Phase transitions in economy and demography

Slovokhotov Y.L.

Moscow, Russia phone (495)-939-54-34, email slov@phys.chem.msu.ru

1 pp. (accepted)

Empirical analogies in dynamics of multi-agent social systems and macroscopic systems of interacting “non-living” particles studied by statistical physics, give a ground for a physical interpretation of social phenomena. Formation of a stable structure (i.e. phase) in a big system of interacting “living particles” allows to describe a social crisis as an abrupt transition from one structure to another upon variations of the system’s overall parameters – i.e. as a phase transition. In physical terms, it is caused by the “region of attraction” in the space of parameters governing interaction of agents in a social system, and by a statistical smearing of such interactions in a big ensemble. The main theoretical problems to be solved in “social physics” are therefore a formalization of the agent-to-agent interations and a search for basic principles of their non-classical statistics.

The analogies of phase transitions and critical phenomena in “non-living” physical systems with some crisis processes in economy and society are discussed on the empirical level. A divergence of critical parameters of a multidomain physical system near a transition point resembles a hyperbolic growth of some quantitative parameters in a multidomain social system near a crisis; both trends reflect a hyperbolic increase of an average domain size of the forming phase. The intensive parameters governing a social transition play a role of generalized forces, like temperature and expernal field, in a physical phase transition.

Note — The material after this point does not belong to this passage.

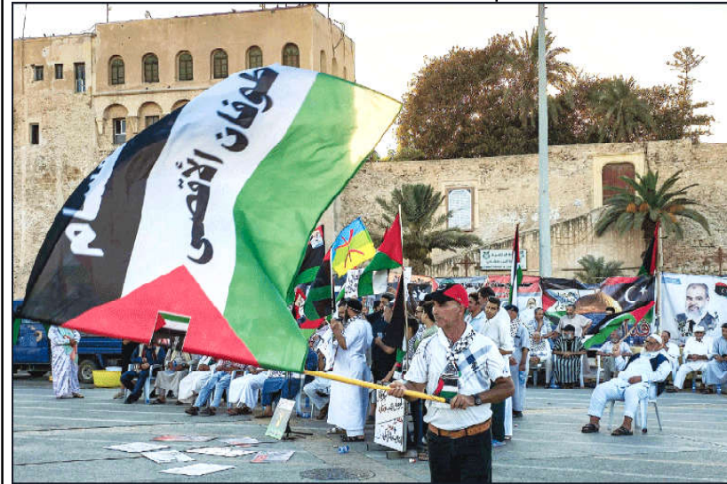
Libyans gather for a demonstration in solidarity with Palestinians at Tripoli's Martyrs' Square.

Scrutiny on his public appearances has markedly risen since the debate. In a White House speech to military families on Thursday to mark July 4 Independence Day, he stumbled over his words when referring to Trump as "one of our colleagues, the former president". And in an interview in Philadelphia, he lost his thread and appeared to say he was proud to be the first black woman to serve with a black president. Donors have been reconsidering their bets. Abigail Disney, an heiress to the Disney family fortune, told business news channel CNBC.
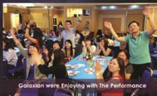
Galaxian were Enjoying with The Performance

The emripical model of the current world economic crisis as a spontaneous “condensation” of assets in the U.S. economy during its fast expansion from 1993 to 2008, resulted in a large number of poorly controlled world-scale enterprises, is suggested. Two biggest waves of mergers and acquisitions in the USA in this period, the relationship of the modern crisis with the Great Depression of 1929-1933, and a currend dynamics of some world indexes are discussed on the basis of this physical analogy. A very similar “condensation” model allows to explain the hyperbolic growth of world population in I–XX centures as a result of a gradual coalescence of human habitation domains that improve their internal living conditions. This model does not require a vulnerable postulate of free exchange of knowledge and wealth in the pre-capitalist world used in contemporary theory of world demography (M.Cremer, Quart. J. Econ., 108, 681 (1993)). A historical data that support the condensation growth model, are discussed.